▸ **Task description**
Leaving out all pictures, write out word for word the lines from the one containing "Elan 40 designed" to the end of the data below.

▸ **Supplied data**
──────────────────────────────

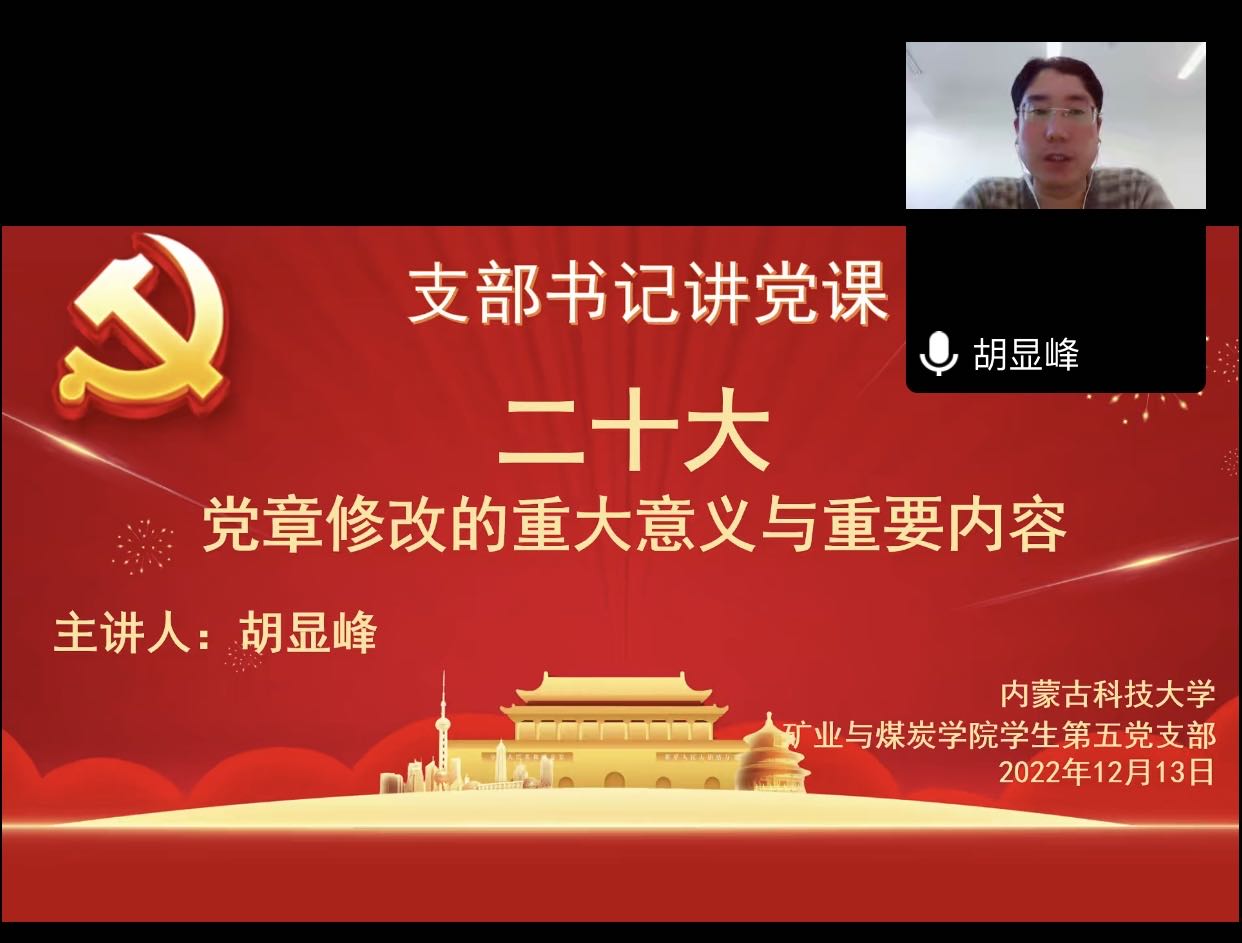 为引导广大党员深入学习贯彻党的二十大精神,更加自觉地学习党章、遵守党章、贯彻党章、维护党章,BEAT365英国官网学生第五党支部于2022年12月13日组织开展支部书记讲党课,党课由支部书记胡显峰主讲,支部全体党员参加学习,本次学习利用腾讯会议线上开展。
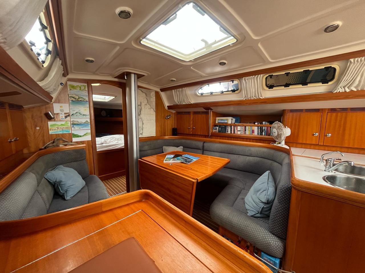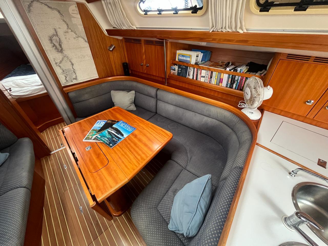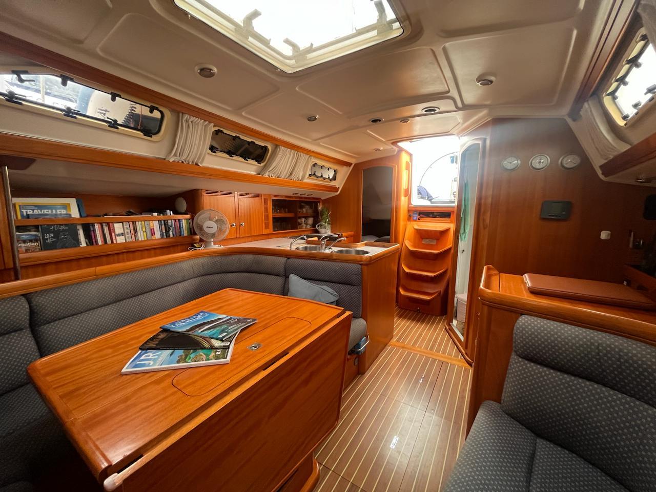Elan 40 designed by Rob Humphreys is recognized by many as a safe and reliable sporty family cruiser. She is built with the beautiful, classic mahogany interior design of two cabins and one very spacious head. Having the head instead of a third cabin layout provides a lot of extra storage in cockpit lockers.
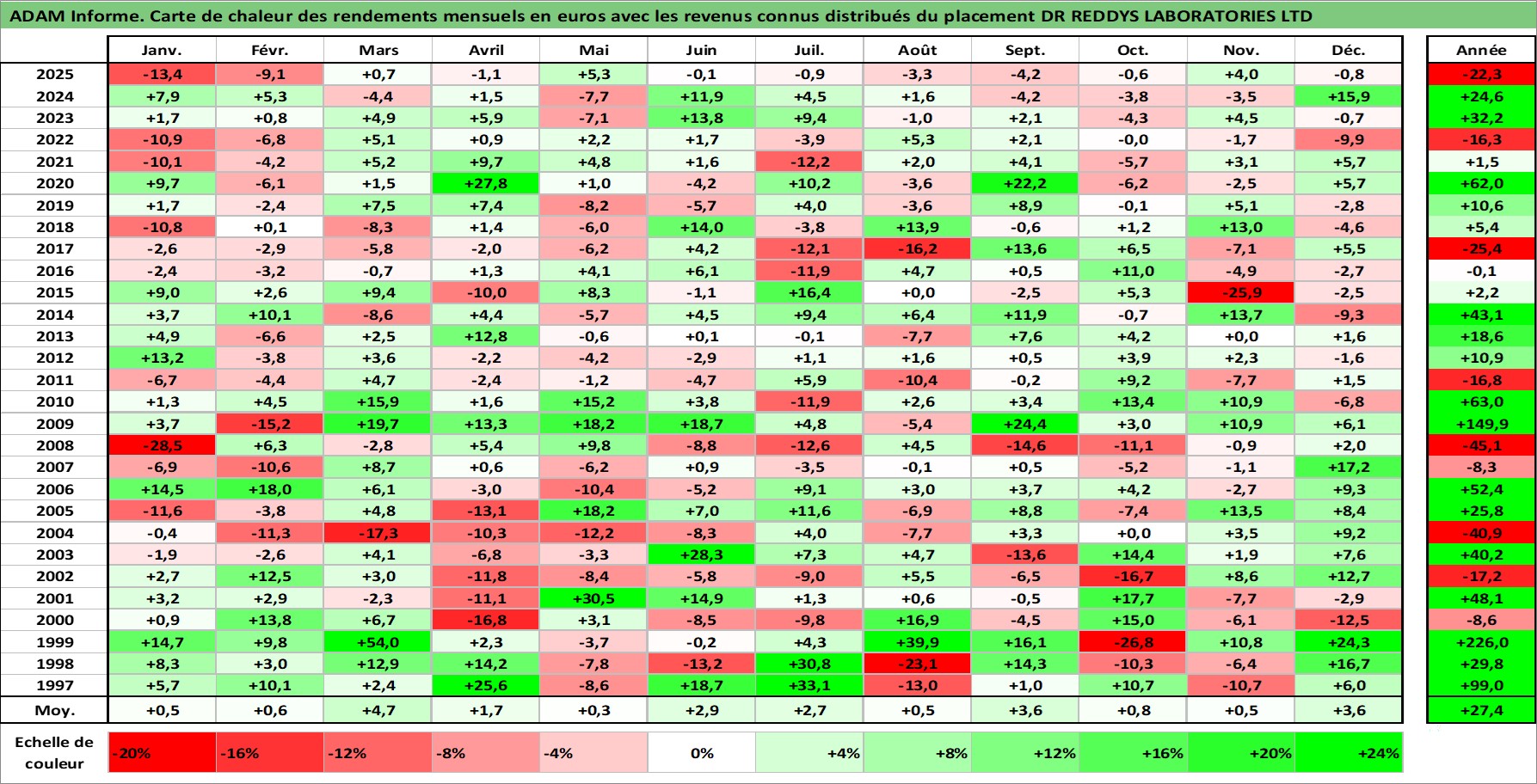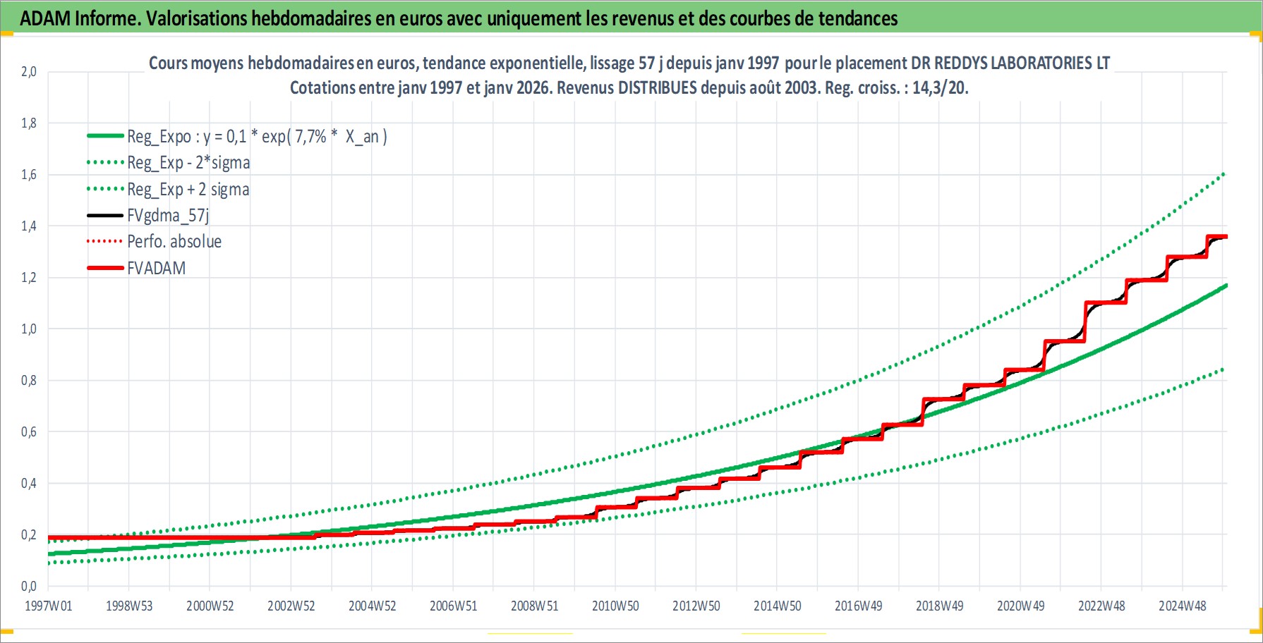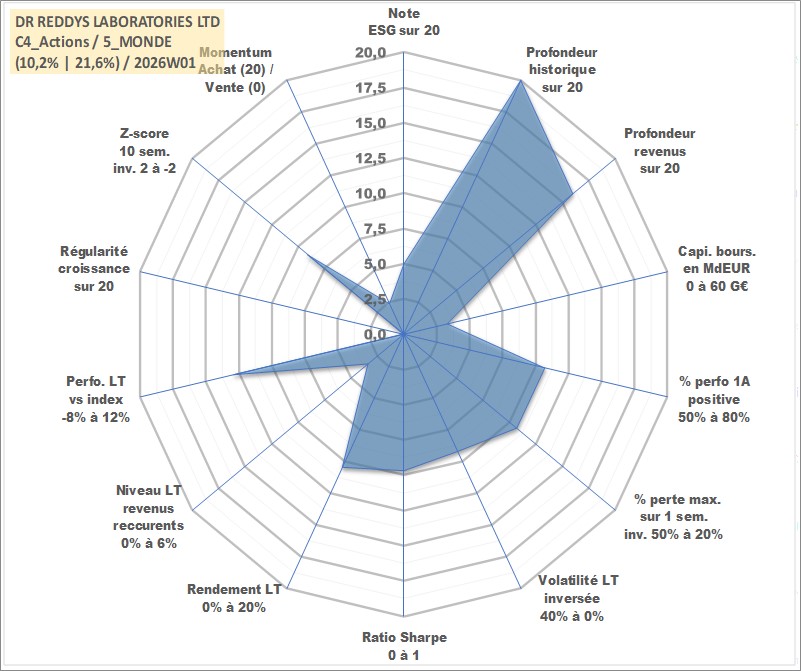 Site dédié aux investisseursPage dédiée sur site financeAnalyse des valorisations hebdomadaires de l'action DR REDDYS LABORATORIES LTD. Cet actif est cote en INR. Les valorisations sont en contrevaleur EURO et couvrent les semaines 1997W01 a 2026W01. Les revenus de cet actif financier sont pris en compte depuis la semaine 2003W32. La note globale ESG de cet actif est estimee a 5.0 (apres rebasage entre 0 et 20).

──────────────────────────────

▸ **Exercise answer**
Elan 40 designed by Rob Humphreys is recognized by many as a safe and reliable sporty family cruiser. She is built with the beautiful, classic mahogany interior design of two cabins and one very spacious head. Having the head instead of a third cabin layout provides a lot of extra storage in cockpit lockers.
 Site dédié aux investisseursPage dédiée sur site financeAnalyse des valorisations hebdomadaires de l'action DR REDDYS LABORATORIES LTD. Cet actif est cote en INR. Les valorisations sont en contrevaleur EURO et couvrent les semaines 1997W01 a 2026W01. Les revenus de cet actif financier sont pris en compte depuis la semaine 2003W32. La note globale ESG de cet actif est estimee a 5.0 (apres rebasage entre 0 et 20).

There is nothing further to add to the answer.